Origène avait certainement commenté ce verset[1] et il en avait donné une explication purement allégorique ; les eaux situées au-dessus du firmament figuraient, selon lui, les puissances angéliques ; les eaux inférieures représentaient les démons.

Dans une lettre à Jean de Jérusalem, dont Saint Jérôme nous a conservé le texte, Saint Épiphane reprochait vivement à Origène cette interprétation allégorique, qui lui semblait une erreur ; Jérôme partageait, à cet égard, l’avis d’Épiphane.

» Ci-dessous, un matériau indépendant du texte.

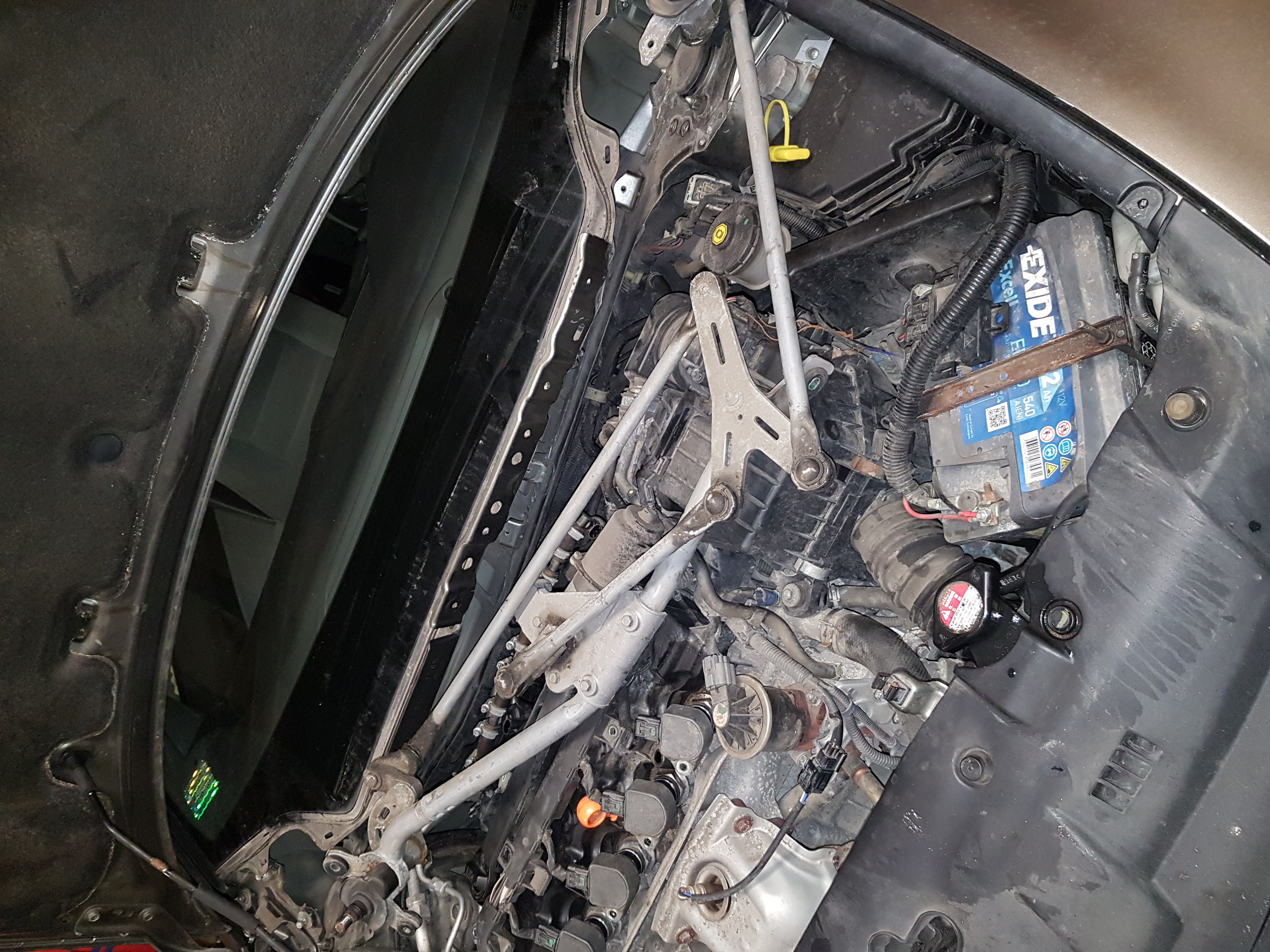 Dalej zająłem się demontażem wycieraczek szyby – musiałem dostać się do mechanizmu, co było o tyle trudne, że głęboko schowany w podszybiu..
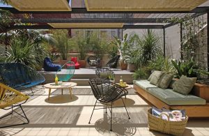 El Hotel Velvet, que en breve se inaugurará en el corazón del Eixample, recrea el glamour de la edad de oro del cine norteamericano. Para destilar esa estética cinéfila vintage, Eva Martínez ha elegido la colección Golden Age de Güell Lamadrid, concretamente su gama Audrey (en honor a Audrey Hepburn) para las butacas bajas que decoran el comedor. También los tonos azulados de los tres motivos que combinan a la perfección en los sofás de la terraza retrotraen a esos dorados años 50 del celuloide estadounidense.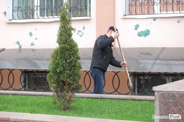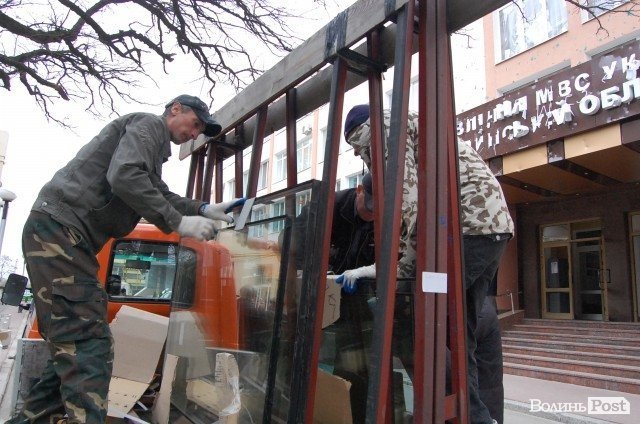 У «Самообороні» знайшли охочих допомогти із наведенням ладу із вікнами у приміщенні УМВС Волині та території навколо нього.

La plupart des Pères de l’Église voulaient que ce verset de la Genèse fût pris au pied de la lettre ; le firmament était un orbe solide ; à l’intérieur de cette sphère se trouvaient des eaux inférieures, celles qui recouvrent une partie de la terre ; à l’extérieur, demeuraient d’autres eaux.

De ces trois propositions, les deux premières s’accordaient fort bien avec la Physique du Stagirite ; l’existence des eaux inférieures ne pouvait faire l’objet d’aucun doute ; quant au Ciel, Aristote le croyait formé d’un certain nombre de globes solides emboîtés les uns dans les autres.

En revanche, l’existence de masses d’eau hors du lieu propre de l’eau, au delà de la dernière sphère céleste, contredisait à la conception du Monde qu’avait élaborée la Philosophie péripatéticienne et la plupart des philosophies antiques.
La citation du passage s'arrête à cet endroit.